The announcement by Treasury Secretary Jacob Lew was timed to
coincide with the fifth anniversary of the Making Home Affordable
program, an Obama administration initiative launched at the height
of the economic crisis in 2009 to revitalize the housing sector and
curb runaway foreclosures.
He said the program would be extended through December 2016.
"We need to continue to be there for homeowners who are facing
foreclosure, those who are struggling with increasing interest rates
on their modified mortgages, and those whose homes are caught
underwater," Lew said at an event to mark the program's anniversary.

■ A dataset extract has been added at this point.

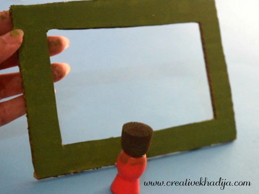 First of all, with the help of a sharp paper cutter, I cut a thick card sheet (which is used for packing usually) in a frame shape.

According to Treasury Department, more than 1.3 million homeowners
have modified their mortgages under the program, reducing monthly
payments by about $540 a month.
Although nationwide foreclosure rates have started dropping,
millions of families are still struggling. Different estimates of
underwater households range from 6.5 million to 9.7 million at the
end of 2013.
Lew also said the administration would use money from the Treasury
Department's Federal Financing Bank to help housing finance agencies
fund the construction of more affordable rental housing.

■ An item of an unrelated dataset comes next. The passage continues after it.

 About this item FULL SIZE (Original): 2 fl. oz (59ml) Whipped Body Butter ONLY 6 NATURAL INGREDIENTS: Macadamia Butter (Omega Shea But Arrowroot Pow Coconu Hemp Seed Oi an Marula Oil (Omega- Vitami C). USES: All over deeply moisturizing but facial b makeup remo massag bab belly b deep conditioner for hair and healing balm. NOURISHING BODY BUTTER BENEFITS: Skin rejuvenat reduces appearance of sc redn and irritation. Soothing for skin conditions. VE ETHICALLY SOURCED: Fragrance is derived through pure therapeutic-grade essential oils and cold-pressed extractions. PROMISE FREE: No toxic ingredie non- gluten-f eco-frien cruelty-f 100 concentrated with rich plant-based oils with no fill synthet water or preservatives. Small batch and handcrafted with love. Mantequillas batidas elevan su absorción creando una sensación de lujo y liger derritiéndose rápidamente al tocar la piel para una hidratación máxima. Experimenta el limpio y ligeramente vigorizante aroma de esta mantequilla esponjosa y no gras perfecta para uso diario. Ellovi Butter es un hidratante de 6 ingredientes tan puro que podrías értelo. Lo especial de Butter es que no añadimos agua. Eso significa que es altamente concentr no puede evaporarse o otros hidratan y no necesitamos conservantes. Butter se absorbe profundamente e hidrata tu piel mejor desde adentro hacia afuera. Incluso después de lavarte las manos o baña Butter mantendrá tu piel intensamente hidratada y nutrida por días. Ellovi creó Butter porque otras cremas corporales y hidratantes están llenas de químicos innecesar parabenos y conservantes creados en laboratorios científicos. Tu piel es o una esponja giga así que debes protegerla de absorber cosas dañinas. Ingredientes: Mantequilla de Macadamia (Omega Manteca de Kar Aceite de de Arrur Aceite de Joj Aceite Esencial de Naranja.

The collapse of the housing market created a spike in demand for
rental housing, which has driven up costs. Many Americans are
renting because they lost their homes, are afraid to buy a home, or
cannot access mortgage credit.
The Obama administration has called on Congress to allow Ginnie Mae,
a government-sponsored enterprise, to securitize loans made under
the Federal Housing Administration risk-sharing program, but so far
lawmakers have not acted.
The risk-sharing program allows state housing finance agencies to
underwrite multifamily FHA loans while agreeing to share the risk of
losses on those loans.
Lew said that until Congress acts, the administration was directing
the Federal Financing Bank to fund FHA-insured mortgages. Under the
new plan, the Federal Financing Bank could provide $500 million to
$1 billion in annual funding for rental housing projects.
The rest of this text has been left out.